All of the example outputs will be generated from the scripts/single-node/sifive_fe310.resc demo that is bundled with Renode, unless specified otherwise.

Once you run Renode, the platform can easily be loaded with:

include @scripts/single-node/sifive_fe310.resc

Now, before you start the execution (using the start or s command), you can turn on various tracing options, as outlined below.

Logging executed function names

Renode can log names of functions that are currently executed by the guest application. This is very useful if you want to have simple information about the current progress in execution. Function names logging can be enabled using:

cpu LogFunctionNames true

An example output would look like this:

cpu: Entering function _is_thread_time_slicing at 0x20403D68
cpu: Entering function _nano_sys_clock_tick_announce at 0x20403E3C
cpu: Entering function _nano_sys_clock_tick_announce at 0x20403E80
cpu: Entering function riscv_machine_timer_irq_handler at 0x20402F70
cpu: Entering function _arch_irq_disable (entry) at 0x204018F4

You can also add another true at the end of this command to remove duplicate function names from subsequent code blocks and achieve better overall performance. Example output from cpu LogFunctionNames true true:

cpu: Entering function _is_thread_time_slicing at 0x20403D68
cpu: Entering function _nano_sys_clock_tick_announce at 0x20403E3C
cpu: Entering function riscv_machine_timer_irq_handler at 0x20402F70
cpu: Entering function _arch_irq_disable (entry) at 0x204018F4

You can also filter the function names based on a prefix, if you, for example, want to see functions that start with "uart". This can be enabled using:

cpu LogFunctionNames true "uart"

You can use more than one prefix by separating them with a space. For example, instead of "uart", you can write "uart irq" to only log functions that start with either of those two prefixes.

Logging peripheral accesses

While executed functions information gives you an overall understanding of the execution, it is often beneficial to know additional context, for example to be able to understand why the application took a specific path.

To provide this additional context, Renode can log accesses to peripherals. This feature allows you to see how your program uses, or doesn't use, specific parts of the SoC.

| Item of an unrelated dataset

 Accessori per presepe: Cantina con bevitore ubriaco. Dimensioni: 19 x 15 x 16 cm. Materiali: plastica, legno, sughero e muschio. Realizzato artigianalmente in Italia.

You can enable this feature by using:

sysbus LogPeripheralAccess <peripheral-name> true

If you are not sure what peripherals are available, you can use the peripherals command to get a list of all connected peripheral devices.

Example output from sysbus LogPeripheralAccess uart0 true:

uart0: [cpu: 0x20402D1C] ReadUInt32 from 0x0 (TransmitData), returned 0x0.
uart0: [cpu: 0x20402D24] WriteUInt32 to 0x0 (TransmitData), value 0x2A.
uart0: [cpu: 0x20402D1C] ReadUInt32 from 0x0 (TransmitData), returned 0x0.
uart0: [cpu: 0x20402D24] WriteUInt32 to 0x0 (TransmitData), value 0x2A.

The logs contain:

the name of the peripheral,
current value of the program counter,
type and width of the access,
offset of the access from the start of the peripheral and the name of the register that this offset maps to,
the value that was either loaded or returned from the register.

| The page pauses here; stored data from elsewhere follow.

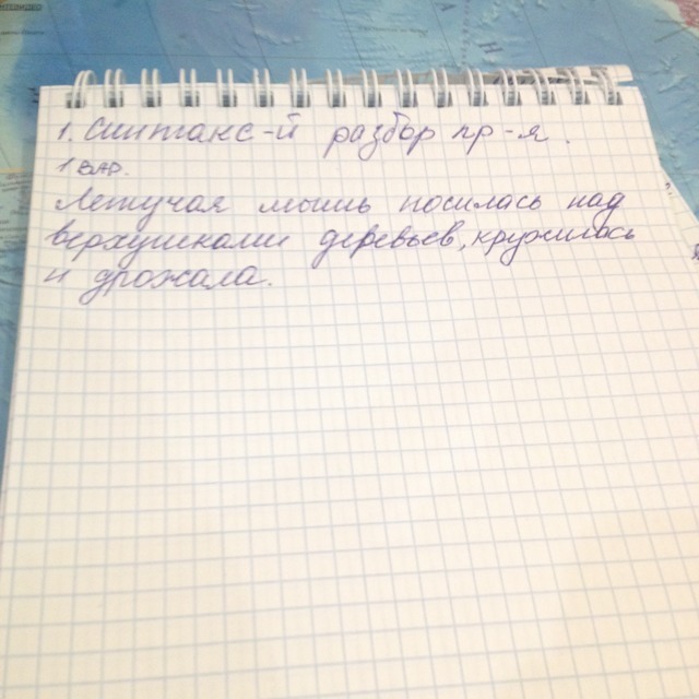 летучая-определение, мышь- подлежащее, носилась-сказуемое,над верхушками-обстоятельство, деревьев-дополнение, кружилась и дрожала- сказуемые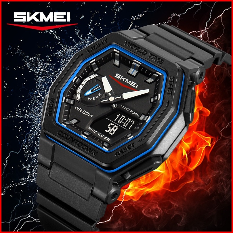 Jam Tangan Digital Skmei 2438 Black Blue Water Resistant 30m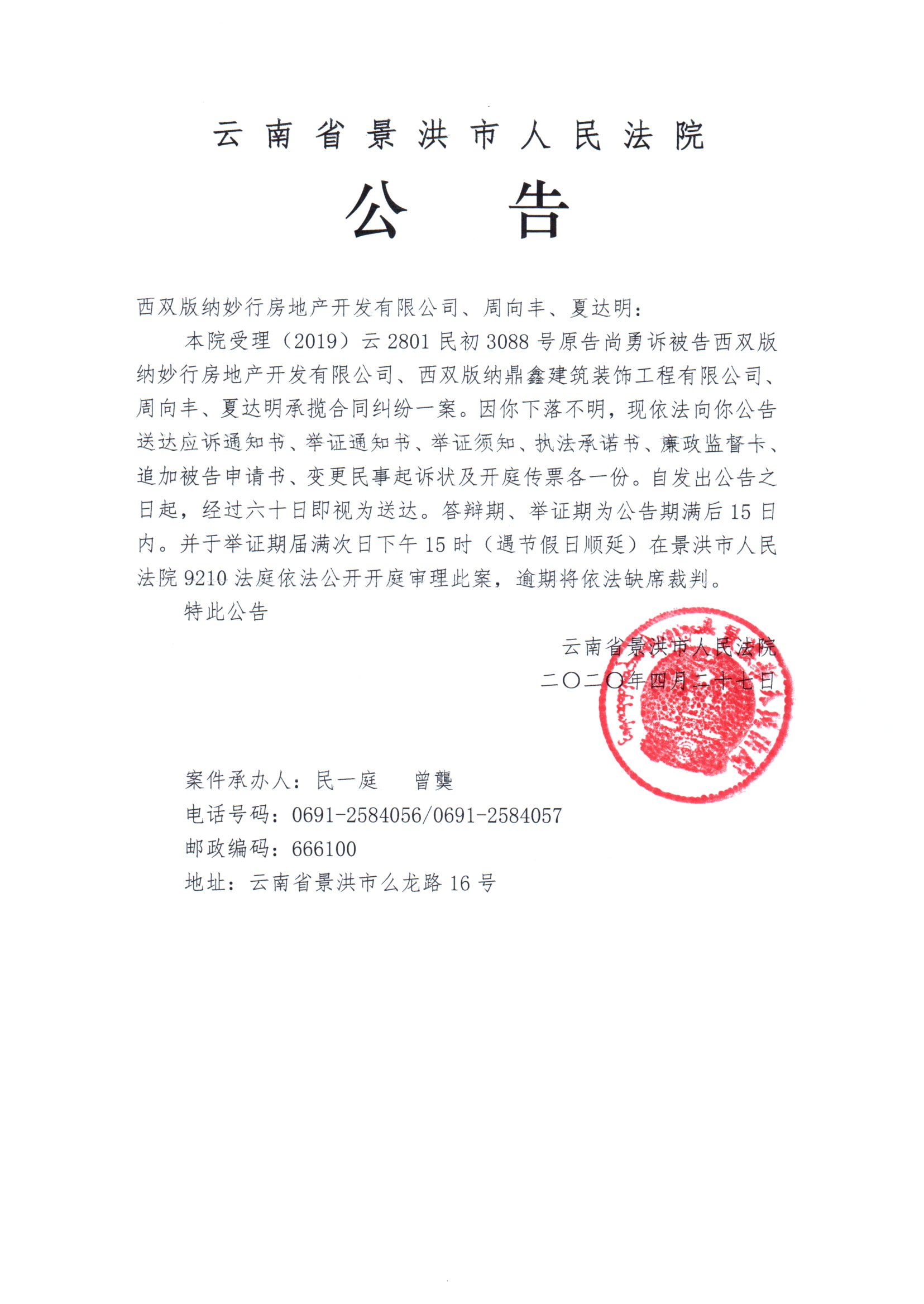 西双版纳妙行房地产开发有限公司、周向丰、夏达明公告

You can also log accesses to all peripherals connected to the system bus:

sysbus LogAllPeripheralsAccess true

Both of these peripheral access logging commands can be disabled by providing false instead of true as the last parameter.

This information, along with logged function names, can give you a fairly complete overview of your hardware and software behavior.

Opcode counting

Renode has the ability to count how many times a specific opcode was executed. This can be very helpful if you want to know if some special instructions, for example vector instructions, are executed in your program, or if you want to analyze more detailed statistics of your workflow.

To enable opcode counting use the following command:

cpu EnableOpcodesCounting true

After that you have to install a pattern of the opcode that you want to count. The pattern can be thought of as a regular expression that matches the opcode’s bits. 1 matches set bits, 0 matches unset bits and all other characters match any value. As an example we will use the scripts/single-node/versatile.resc demo to detect ARM’s branch and branch-with-link instructions. To install the counter patterns we will use these two commands:

cpu InstallOpcodeCounterPattern "bl" "****1011************************"
cpu InstallOpcodeCounterPattern "b"  "****1010************************"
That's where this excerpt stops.